On April 17, 2026, Anthropic's automated safeguards suspended a legitimate enterprise organization with sixty-plus accounts. No warning, no explanation, and the only path to appeal was a Google Form. Access came back five hours later, after a Twitter thread. The story is not unusual; vendor incidents happen to every infrastructure provider on the internet. What was unusual is that for a meaningful number of customers, an entire workflow stack was sitting on top of a single model API with no other path to a usable answer.
For a CISO running internally-built security agents, five hours of frontier-model downtime is not a degraded experience. It is a containment that did not happen. An identity that was not revoked. A ticket that was not opened. The board does not care which vendor was at fault.
The Single-Vendor Trap
Most agent code today imports the anthropic or openai SDK directly. The credential lives in an environment variable. The model id is hard-coded. When the vendor returns a 5xx, the SDK retries internally; when the vendor returns a 401 or a 403, the SDK gives up and the exception bubbles to the agent, which crashes or alerts.
This is the same pattern that gave us the “Stripe is down, the whole product is down” era of payments — and the same pattern that the rest of the industry solved by putting an HA layer in front of the vendor. Frontier models have not had that layer because, until very recently, no one needed it. They do now.
What “HA” Actually Means for an LLM
HA for an HTTP service is well understood: load-balance across replicas, fail over on transient errors, circuit-break on persistent ones. HA for an LLM is the same shape with two important differences.

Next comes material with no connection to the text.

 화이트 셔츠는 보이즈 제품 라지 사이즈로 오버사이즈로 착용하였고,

First, the failures look different. 5xx and timeouts behave like any other web service, but 401 and 403 are no longer rare authentication mistakes — they are the most likely shape of a vendor-side suspension. 429 is not just rate-limiting; it is a noisy-neighbor problem you cannot fix from your side. Failover has to treat all of these as transient, not as caller errors.

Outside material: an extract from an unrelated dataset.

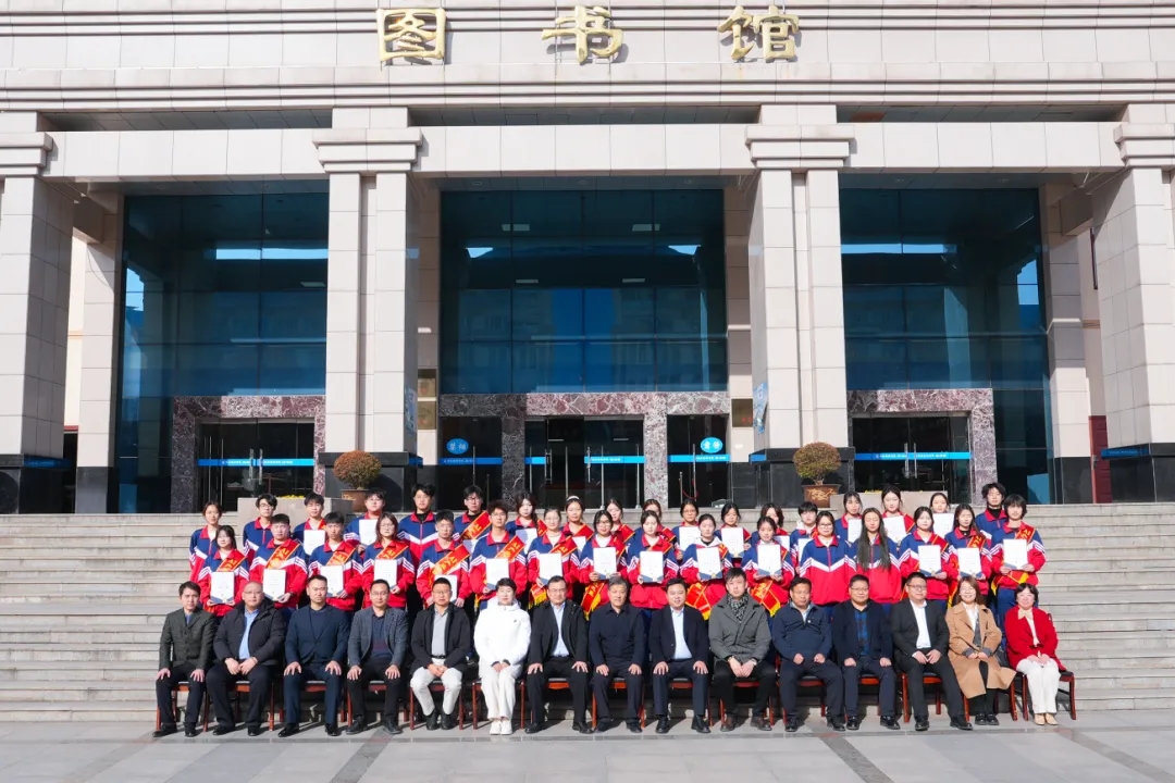 全体与会领导、嘉宾及获奖学生在图书馆门前合影留念

Second, the failures that look transient sometimes are not. A 400 invalid_request means the payload itself is wrong. A content-policy refusal means the prompt itself was rejected. Failing those over to the secondary provider does not help — the secondary will reject them too — and silent re-routing of a content-policy decision is exactly the kind of thing your safety review will not approve.
How Arx Implements It
Every LLM call inside Arx flows through a vendor-neutral router. Callers do not pick a vendor; they pick a tier (frontier, fast, cheap) and a normalized request shape. The router resolves the tier to a provider-specific model id, decrypts the customer's per-org API key from the platform vault, and tries the primary provider. On a transient failure — 401, 403, 429, persistent 5xx, timeout — the router records the failure, advances to the next provider, and retries. On a deterministic failure — 400, content-policy — the router re-raises immediately and the agent sees the rejection.
A Redis-backed circuit breaker tracks failure counts per provider across all worker processes. After five failures in sixty seconds the breaker opens, and for the next two minutes the router stops sending requests to that provider entirely. When the cooldown elapses, one probe gets through; success resets the breaker, failure re-opens it. This is the part that matters during a real outage: when Anthropic is down for hours, you do not want every worker discovering that fact independently every five seconds.
Every call writes one row to the immutable audit log with three new fields: provider_used, failover_hops, and an attempts array containing each provider's outcome. None of this is opaque to the customer.
action_type: llm.chat
connector: llm
model_tier: frontier
provider_used: openai
failover_hops: 1
attempts: [
{ provider: "anthropic", kind: "LLMAuthError", status_code: 403 },
{ provider: "openai", ok: true, latency_ms: 712 }
]
usage: { total_tokens: 914 }
What Customers Configure
The defaults work out of the box: Anthropic primary, OpenAI failover. Customers who prefer the reverse flip the order from a settings page. Keys are stored encrypted per-org and can be rotated without a redeploy. Per-tier model overrides are JSON; an enterprise that wants to lock to claude-opus-4-7 for change-control reasons can do so without touching code.
None of this is exposed in the agent's API. The agent calls llm.chat() and receives a normalized response. The handoff — if any — is invisible to the agent and visible to compliance. That is the right division.
What This Is Not
This is not a router that promises a model is “better” than another model. It is not a cost-optimizer. It does not learn what kind of prompt to send to which vendor. Those are different products with different failure modes — and most of them, in our view, should not exist inside a security platform at all. Routing on cost or quality silently changes the outputs your audit row is bound to. Routing on availability does not.
An HA pair is plumbing. It has one job: when one vendor stops answering the phone, the other one picks up, and the audit log says exactly who served the call. That is enough.